Drift block experiments served to estimate the number of casualties




Although Prestige oil spill mostly affected wintering seabirds, hundreds of European shags, a resident endangered seabird, also perished (Velando et al. 2005). Although the spill occurred 3 months before the onset of shag breeding, this species is largely sedentary and shags remain around breeding colonies throughout the year. Unfortunately, a strong female skew in adult mortality was detected in shag casualties during the Prestige oil spill (Martinez et al. 2006). By the time the spillage took place (November 2002) shags at sea were most likely females, and males were already at breeding places. The result of the female skewed mortality implied a deficit in mates with whom males could reproduce and hence a decrease in reproductive success at population level. Analysing the population dynamics of European shag including the demographic effects of sex-specific mortality, a study (Martinez et al. 2006) revealed that the mortality of shags caused by the Prestige oil spill implies a reduction of 11% in the breeding population.

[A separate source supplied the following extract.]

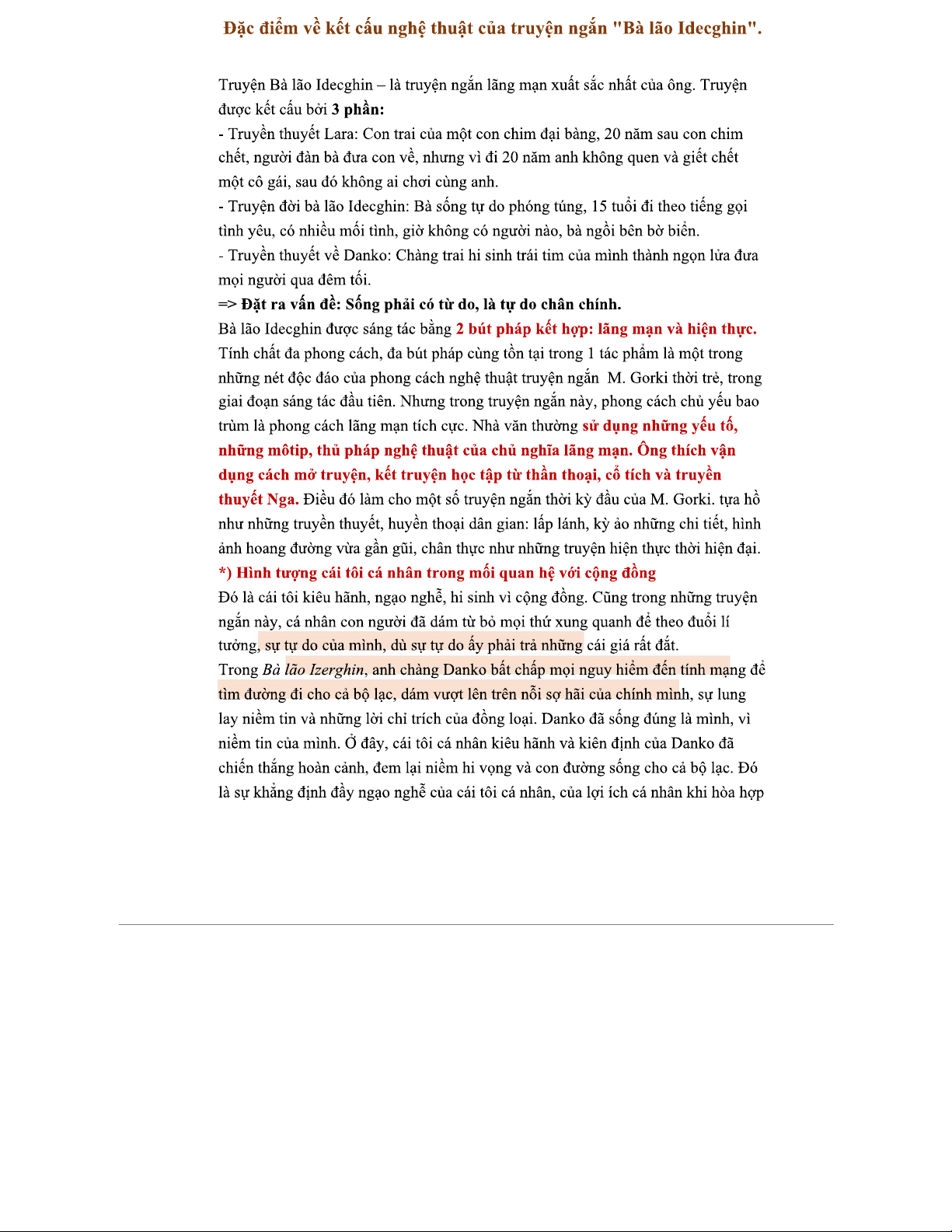 Đặc điểm và kết cấu nghệ thuật trong truyện ngắn "Bà lão Idecghin"

Effects of shag mortality in annual population growth rates with respect to pre-spill dynamics (Martinez et al. 2006)

Arcos J.M., D. Alvarez, P.M. Leyenda, I. Munilla & A. Velando 2004. Seabird mortality caused by the Prestige oil spill: preliminary insights from a drift blocks experiment. Proceedings of the 8th International Seabird Group Conference "North Atlantic Seabird Populations: 10, Aberdeen.
Balseiro, A., Espi, A., Marquez, I., Perez, V., Ferreras, M.C., Marin, J.F.G., Prieto, J.M., 2005. Pathological features in marine birds affected by the Prestige’s oil spill in the north of Spain. J. Wildlife Dis. 41, 371–378.

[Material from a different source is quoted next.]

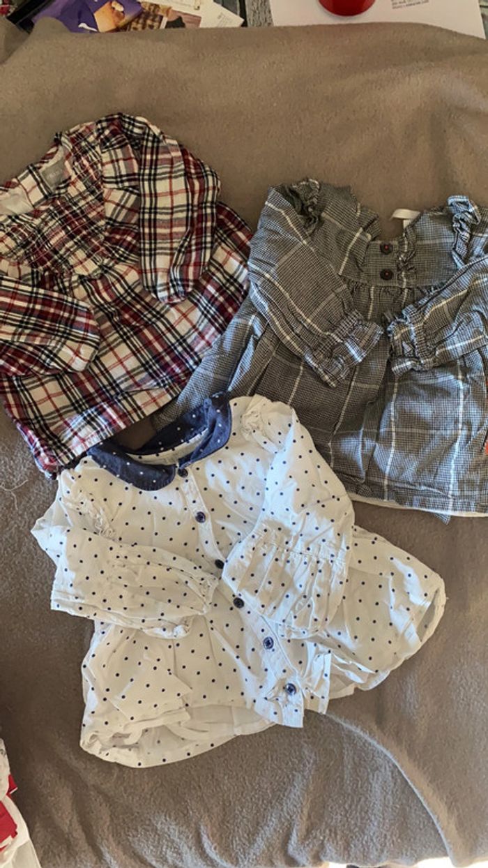 jolies blouses manches longues avec doublure taille 9/12 mois pour la blouse Primark bordeaux et 12 mois pour les 2 autres blouses Orchestra #charliesdressing12mois

García L., Viada C., Moreno-Opo R., Carboneras C., Alcalde A. & González F. 2003. Impacto de la marea negra del "Prestige" sobre las aves marinas. SEO/BirdLife, Madrid.
Martínez-Abraín, A., Velando, A., Genovart, M., Gerique, C., Bartolomé, M.A., Villuendas, E., Sarzo, B., Oro, D., 2006. Sex-specific mortality of European shags during an oil spill: demographic implications for the recovery of colonies. Mar. Ecol. Progr. Ser. 318, 271–276.  
Velando, A., Munilla, I., Leyenda, P.M., 2005. Short-term indirect effects of the Prestige oil spill on a marine top predator: changes in prey availability for European shags. Mar. Ecol. Progr. Ser. 302, 263–274.
Votier S.C., B.J. Hatchwell, A. Beckerman, R.H. McCleery, F.M. Hunter, J. Pellatt, M. Trinder & T.R. Birkhead 2005. Oil pollution and climate have wide-scale impacts on seabird demographics. Ecol. Lett. 8: 1157-1164.